"To była moja wina" - tak Kamil Stoch skomentował niecodzienną sytuację, która miała miejsce przy lądowaniu skoku w pierwszej serii konkursowej sobotnich zawodów Pucharu Świata w Wiśle-Malince. Uszkodził wtedy wiązanie w jednej z nart. Ostatecznie zajął 10. miejsce.
Zawody inaugurujące cykl PŚ w skokach narciarskich wygrał Dawid Kubacki. Piąty był Piotr Żyła.

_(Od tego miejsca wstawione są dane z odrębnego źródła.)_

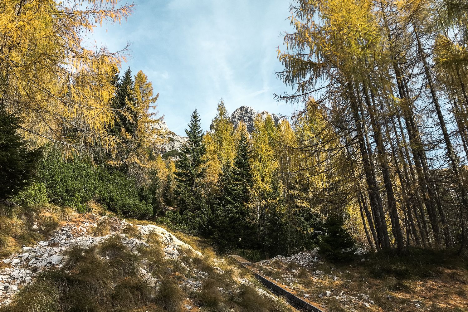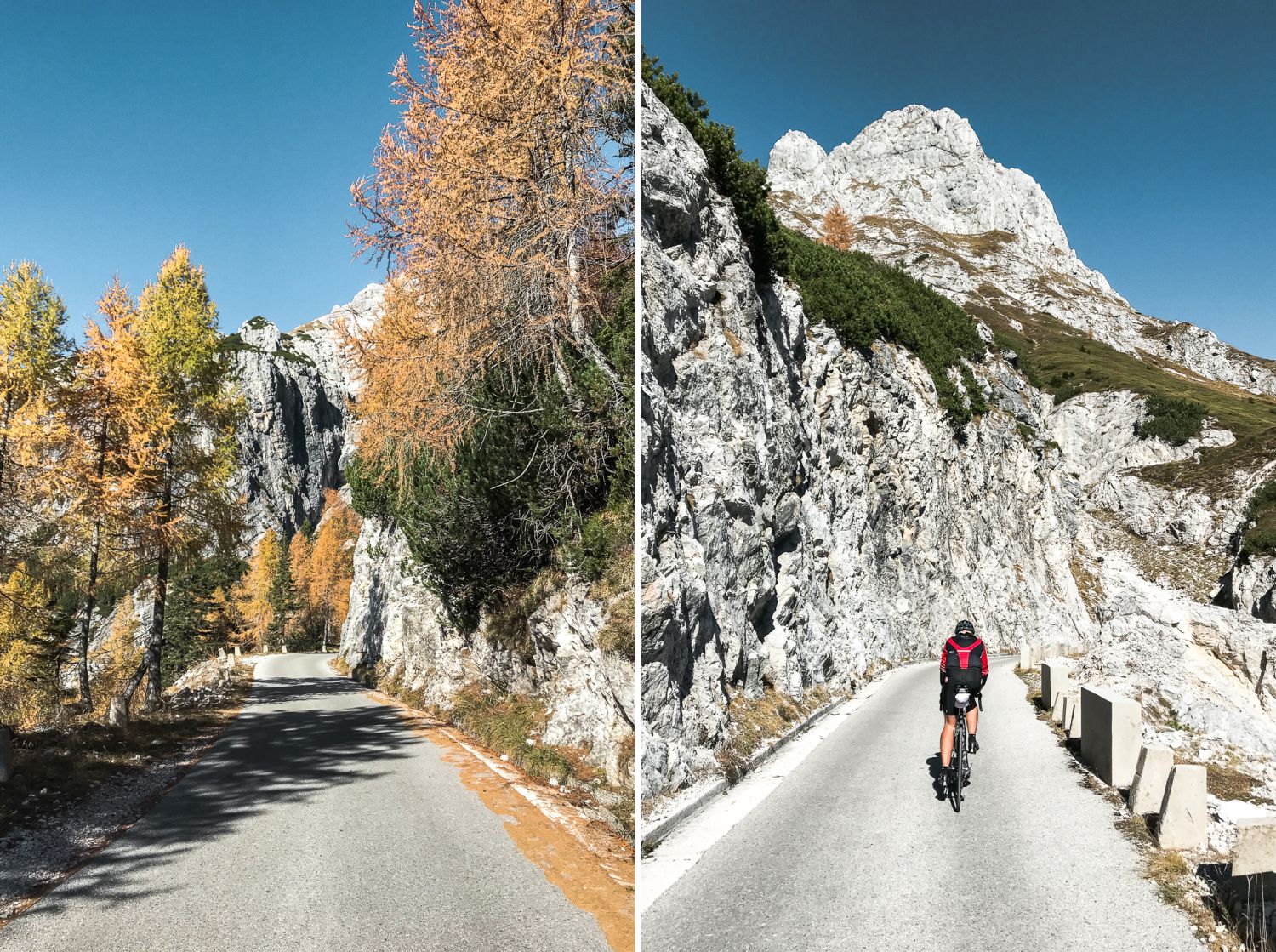 Od takrat sem bil na sedlu že tolikokrat, da lahko z zanesljivostjo povem, kdaj je najlepši čas za vzpon. Zame je to jeseni, ko gozd na spodnjem delu dobesedno žari v oranžnih in rumenih barvah macesnov. Na vrhu je zaradi inverzije prijetnih 25°C, medtem ko je spodaj na začetku ceste 15°C, tako da nase še ni potrebno navleči polne zimske uniforme. Še en razlog, zakaj mi je najbolj všeč jeseni je dejstvo, da ni nobenega prometa. Avtomobilov praktično ni. Do vrha se zapeljejo zgolj tisti, ki grejo hodit ali plezat na sosednje vrhove. Mangart, na primer. Kadar sem imel srečo, sem na poti ujel čredo drobnice ali koz, ki na sedlo hodijo na pašo. Še dobro, da sem bil s kolesom in sem se lahko pritihotapil do njih, tako da niso zbežale takoj ko so me zagledale.

Popełniłem błąd już na progu. Starałem się potem walczyć, aby skoczyć jak najdalej, o każde pół metra. Przez to lądowanie była takie szarpnięte. Z impetem wylądowałem i wyrwało cały system wiązań - powiedział Stoch. Wówczas uzyskał 127,5 metrów, zaś w drugiej serii 116,0 m.
W moim odczuciu ten drugi skok był dobry, na taki mnie teraz stać i to jest dla mnie najważniejsze - wskazał i przypomniał, że nie ma wpływu na warunki atmosferyczne, a w trakcie jego lotu nie były zbyt dobre.
Bardzo go cieszy, iż znalazł się w gronie 10 najlepszych zawodników sobotnich zawodów w Wiśle-Malince, gdzie wcześniej dwukrotnie wygrał. Podkreślił, że to oznacza iż sezon rozpoczyna "z wysokiego pułapu". Skoki nie są cały czas idealne - dodał jednak.